# [TASK TO CARRY OUT]
Skip the pictures and write out, word for word, the lines below from the one with "Simple moderne noir" through the one with "Maskinopvaskemiddel Yes Platinum", inclusive.

*** Opening of DATA FOR PROCESSING ***

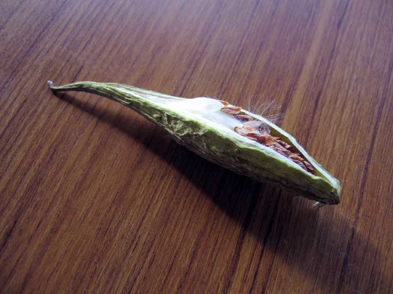 冷え込んで来たと思ったら、山には雪が積もった様です。ガガイモの葉も黄色くなり、他の植物と混じっていて見分けにくかったガガイモが、葉が黄色くなって来たお陰で目立ち始めています。そして、訓練校で保管してあったガガイモの袋果が自然に裂けて中の種と綿毛が出てきました。それはサナギから羽化する蝶の様に美しい光景です。古事記にも登場すると言うガガイモです。古事記を編纂した作者はガガイモにどんな想いを込めたのでしょう。
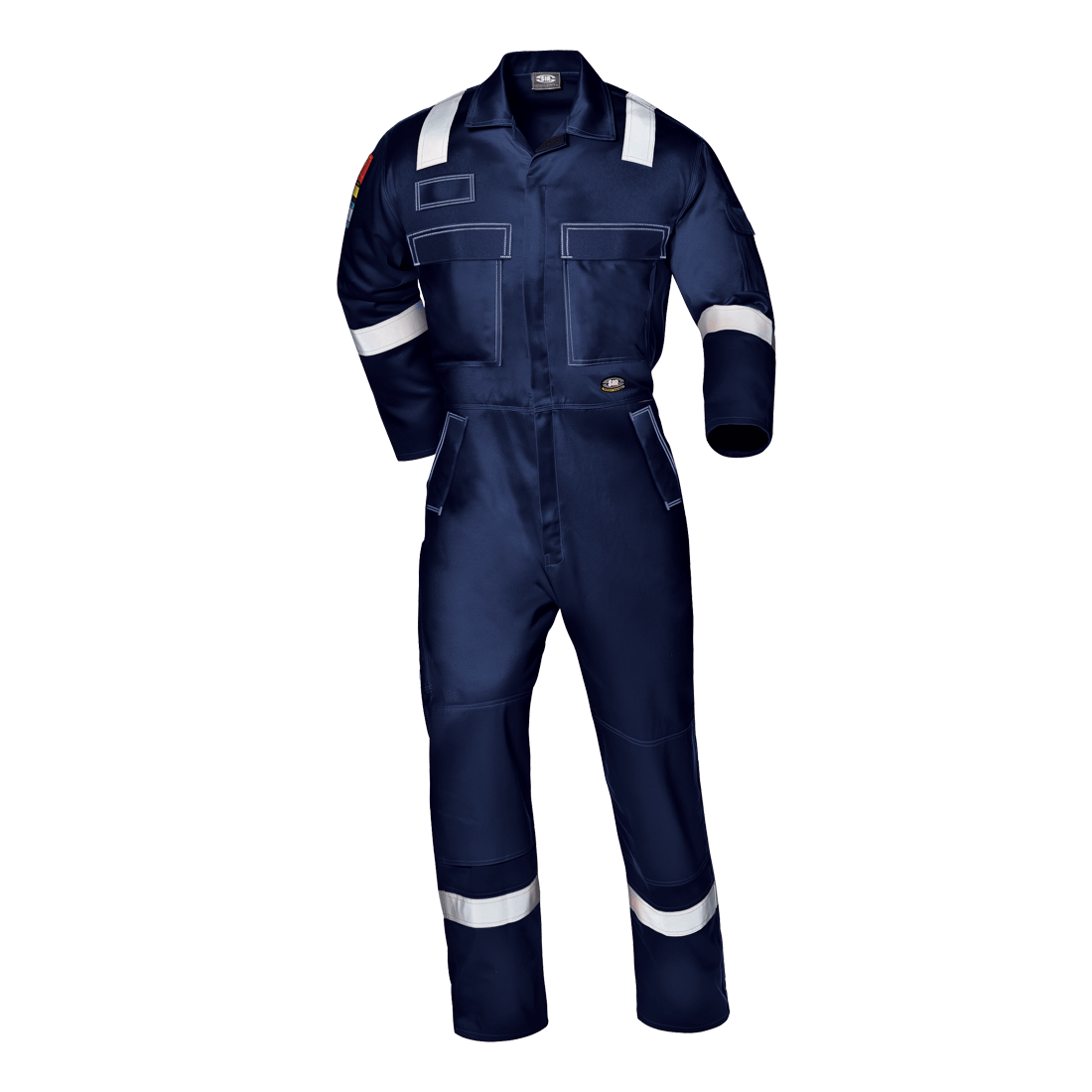 連體工作服,襯衣領,外層面料為87%棉,12%尼龍和1%碳纖維,克重:255g/m2。中央雙向帶魔術貼拉鏈,翻蓋魔術貼胸袋,有口袋上方有可掛氣體檢測器的掛環,左袖、褲側有翻蓋魔術貼口袋,隱藏式彈性腰帶。兩個翻蓋魔術貼后口袋和膝蓋處魔術貼封口口袋,魔術貼翻蓋尺袋,肩膀、衣袖和褲腳有反光條。- 所有Carboflame 系列都是阻燃抗靜電,適合保護工作人員免受意外輕微火焰接觸,熔融金屬飛濺和短時間的意外電接觸傷害。- - 反光條可提供夜間工作安全。配合連體服可使用我們相對應的內衣工作服,Carboflame 內衣型號:35285和Carboflame 內褲型號:35286,符合IEC 61482-2中A.2的標準要求,關于配合電弧防護服使用,應當穿著不被電弧熱溶解的材質的內衣。該產品的設計和制造符合89/686/EEC的基本健康和安全要求,它被列為PPE等級III。
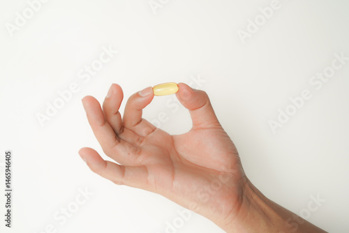 Male hand holding soft gels, Fish oil capsules, omega 3, omega 9, vitamin D, vitamin E, supplements
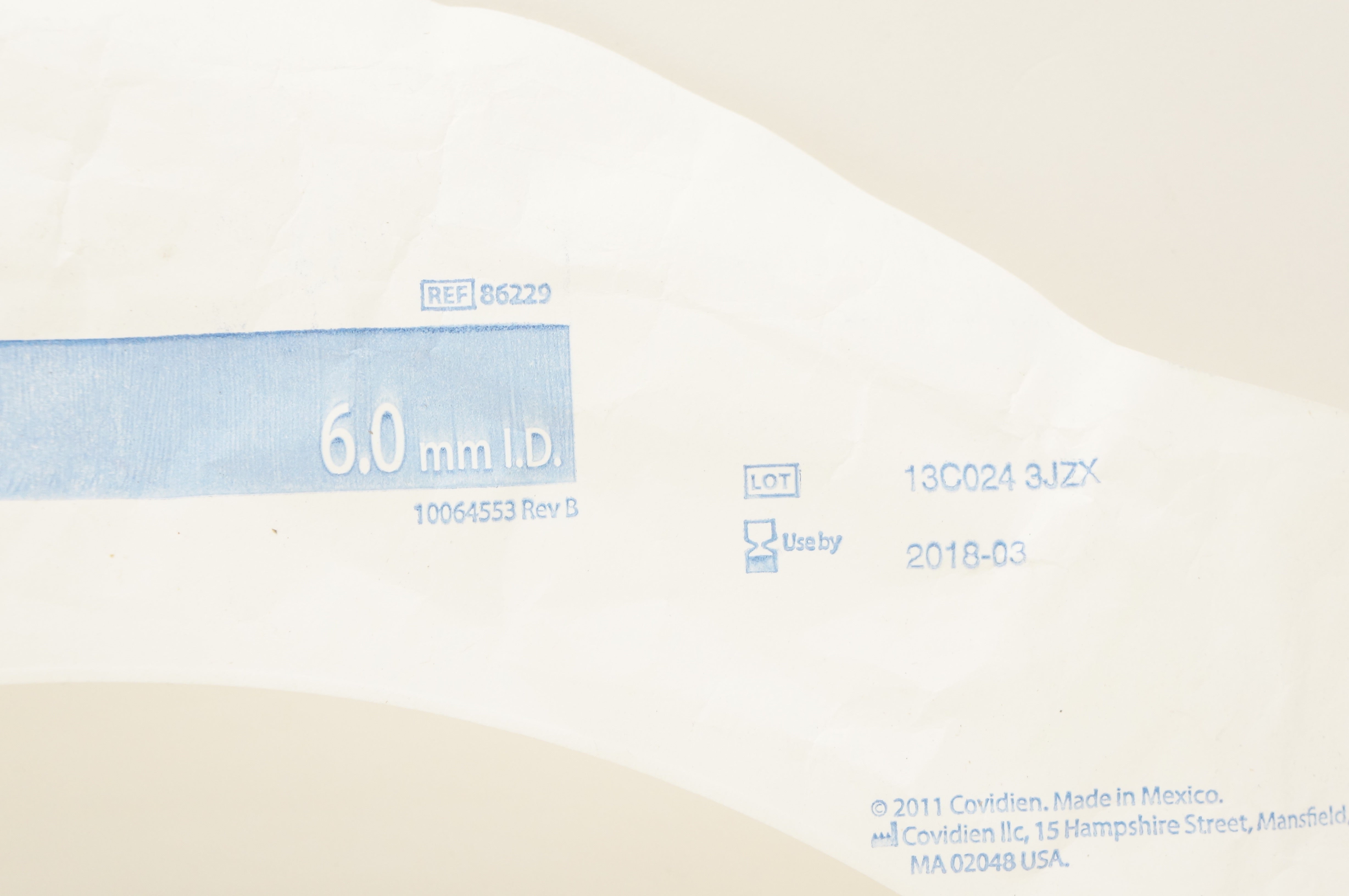Covidien 86229 Mallinckrodt Oral/Nasal Tracheal Cuffless Murphy Eye 6.0mm ID x 8.2mm OD
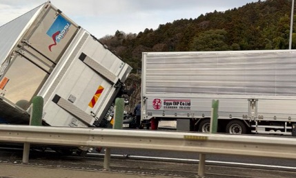 • 事故内容:315.28kp付近にて、大型貨物車と乗用車を含む2〜3台が衝突・横転。
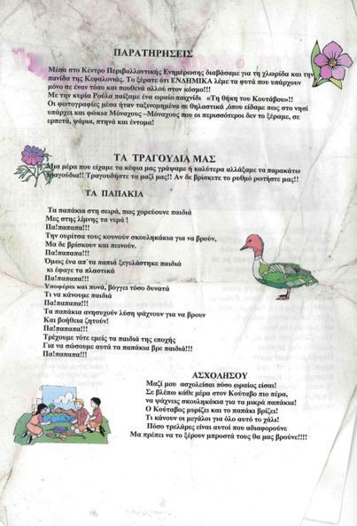 Σας παραθέτουμε την εφημερίδουλα του Δ’ 2 από το 5ο Δημοτικό Σχολείο Αργοστολίου σε μια εκδρομή στον Κούταβο το 2009.
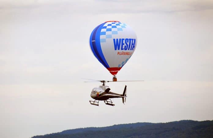 Den Aufmarsch ergänzten auch die aktuell bei der Ralley-WM in Trier eingesetzten Hubschrauber, die neugierig und vielleicht auch ein wenig neidisch auf die imposanten Ballone blickten.  Ein sicherlich einmaliges Treffen: Motor-Ralley meets BallonFiesta in Trier!
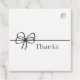 Simple moderne noir et blanc personnalisé MOM-TO-BE'S NAME Merci de baby shower tags préférés. Avec de mignons petits pieds bébé et une typographie de script noir avec un arc de style actuel et le mot Merci sur le dos.
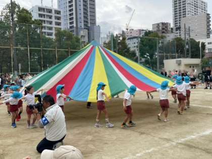 演技のラストはパラバルーンです。ひとつひとつの動きを一生懸命に、そしてクラスの友達と気持ちを合わせながらしていることが伝わってきます。これまでの過程を思い返すと胸がいっぱいです。
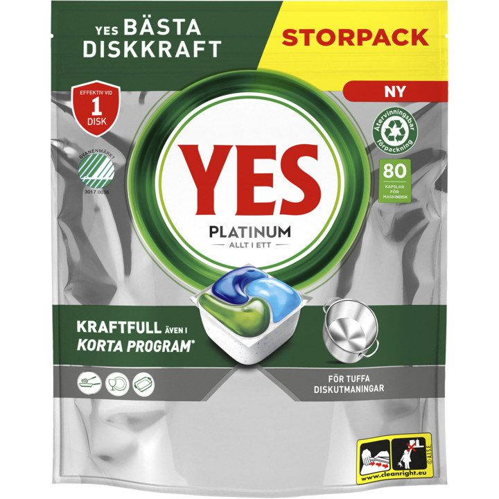 Maskinopvaskemiddel Yes Platinum Alt i ét 80 stk.
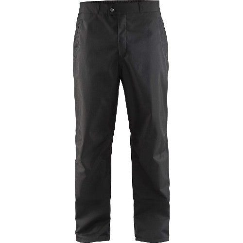 Vind- og vanntett skallbukse med tapede sømmer og pustefunksjon. Frontlommer med glidelås. Baklomme med klaff. Gylf med plastglidelås og knapp i linningen. Strikk i midjen. Hemper. Forbøyde ben. Åpne- og justerbare benavslutninger med glidelås og borrelås. Refleks nederst på bena. Meshfôr. Vannsøyle 15000 mm. Pusteevne 8500 g/m²/24 timer. Vaskes på 40 °C.
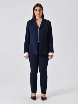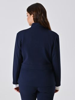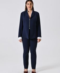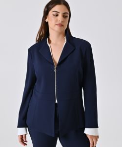 La Giacca Curvy Blu con Zip in Scuba mano Crepe unisce eleganza e modernità in un capo essenziale e versatile, pensato per valorizzare ogni silhouette.

*** Close of DATA FOR PROCESSING ***

# [TASK SOLUTION]
 Simple moderne noir et blanc personnalisé MOM-TO-BE'S NAME Merci de baby shower tags préférés. Avec de mignons petits pieds bébé et une typographie de script noir avec un arc de style actuel et le mot Merci sur le dos.
 演技のラストはパラバルーンです。ひとつひとつの動きを一生懸命に、そしてクラスの友達と気持ちを合わせながらしていることが伝わってきます。これまでの過程を思い返すと胸がいっぱいです。
 Maskinopvaskemiddel Yes Platinum Alt i ét 80 stk.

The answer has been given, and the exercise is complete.